▸ **RECORDED INFORMATION**
=== Begin Enclosure ===
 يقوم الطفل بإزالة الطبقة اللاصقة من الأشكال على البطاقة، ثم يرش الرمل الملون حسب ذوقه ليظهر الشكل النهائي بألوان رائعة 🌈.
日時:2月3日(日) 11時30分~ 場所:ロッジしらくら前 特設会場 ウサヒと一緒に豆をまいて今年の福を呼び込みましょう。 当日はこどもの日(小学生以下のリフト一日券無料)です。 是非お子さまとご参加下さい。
=== End Enclosure ===
=== Begin Enclosure ===
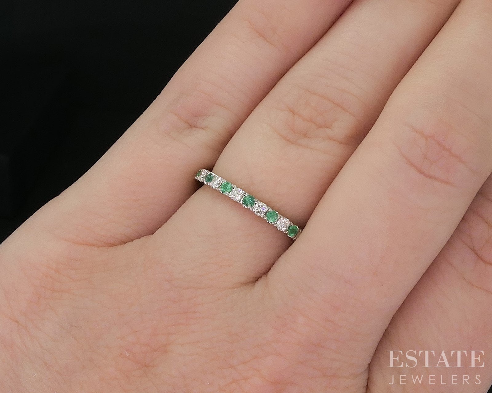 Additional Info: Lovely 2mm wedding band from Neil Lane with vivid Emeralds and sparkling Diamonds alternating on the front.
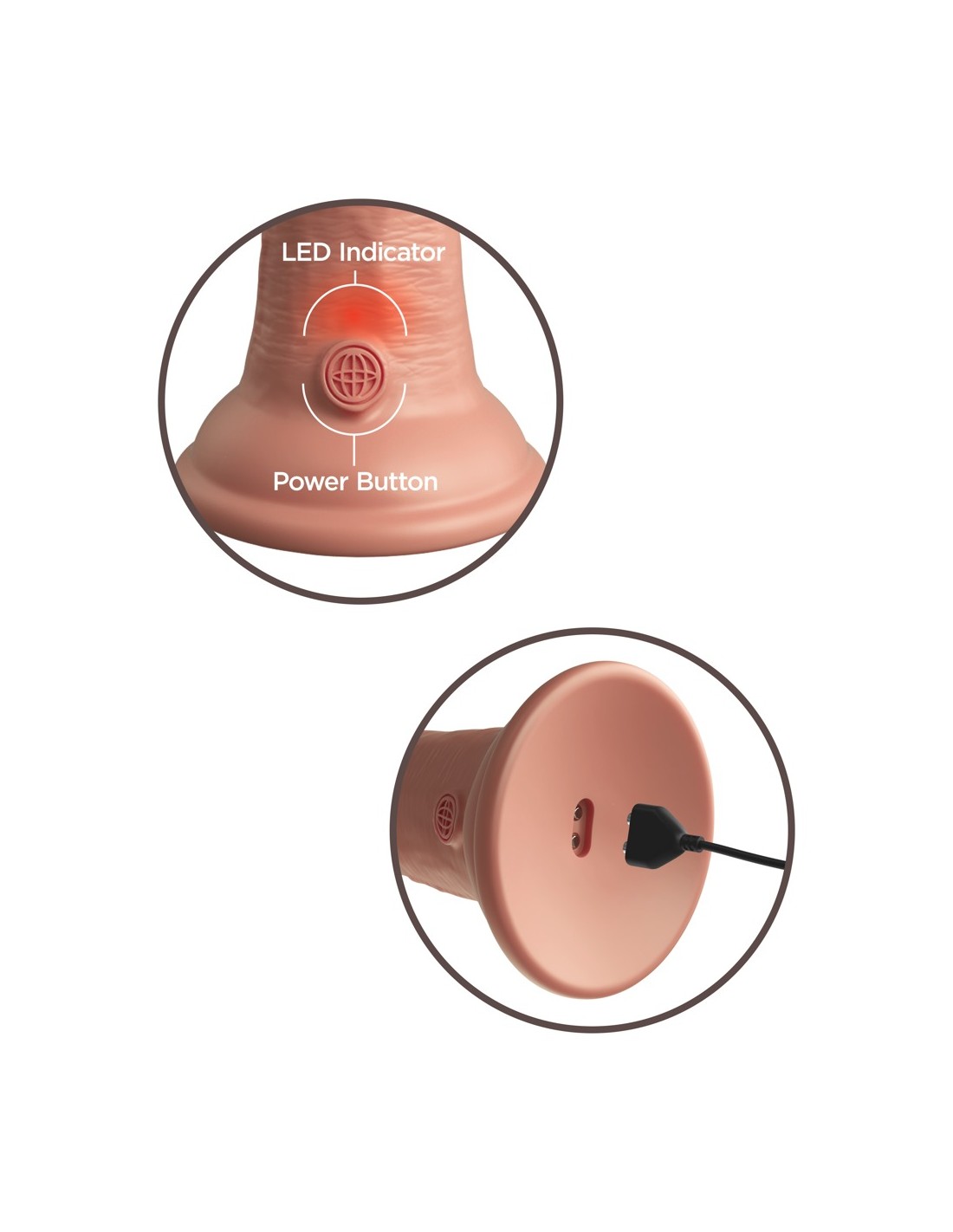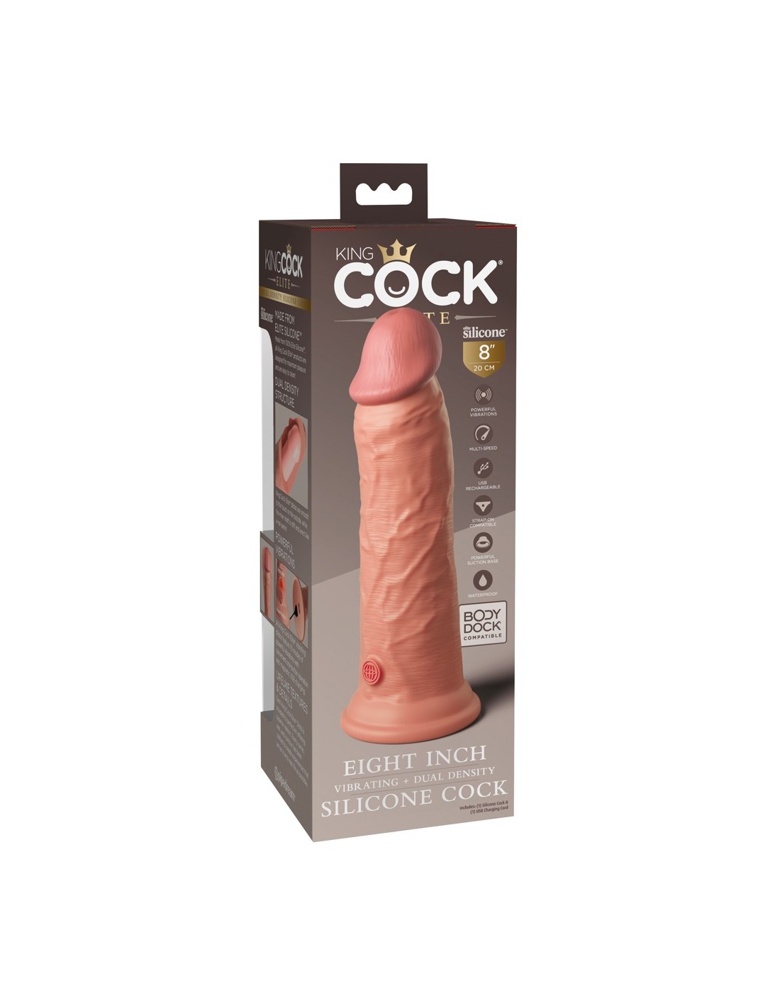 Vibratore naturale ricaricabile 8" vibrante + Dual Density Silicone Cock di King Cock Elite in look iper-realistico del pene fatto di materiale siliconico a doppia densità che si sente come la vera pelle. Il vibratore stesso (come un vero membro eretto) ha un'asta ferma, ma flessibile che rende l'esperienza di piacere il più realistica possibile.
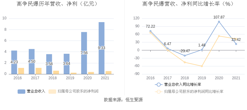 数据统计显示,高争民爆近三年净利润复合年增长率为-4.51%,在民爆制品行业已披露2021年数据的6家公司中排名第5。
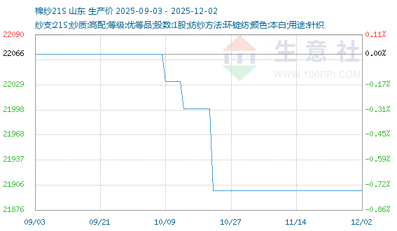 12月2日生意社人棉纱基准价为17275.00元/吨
=== End Enclosure ===
=== Begin Enclosure ===
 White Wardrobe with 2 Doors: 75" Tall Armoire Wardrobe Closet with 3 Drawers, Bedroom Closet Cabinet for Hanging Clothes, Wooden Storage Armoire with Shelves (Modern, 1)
=== End Enclosure ===
Would you quote everything above from the line containing "يقوم الطفل بإزالة" down to the line containing "日時:2月3日(日) 11時30分~ 場所:ロッジしらくら前"? Include both of those lines and nothing else.

▸ **THE ANSWER**
 يقوم الطفل بإزالة الطبقة اللاصقة من الأشكال على البطاقة، ثم يرش الرمل الملون حسب ذوقه ليظهر الشكل النهائي بألوان رائعة 🌈.
日時:2月3日(日) 11時30分~ 場所:ロッジしらくら前 特設会場 ウサヒと一緒に豆をまいて今年の福を呼び込みましょう。 当日はこどもの日(小学生以下のリフト一日券無料)です。 是非お子さまとご参加下さい。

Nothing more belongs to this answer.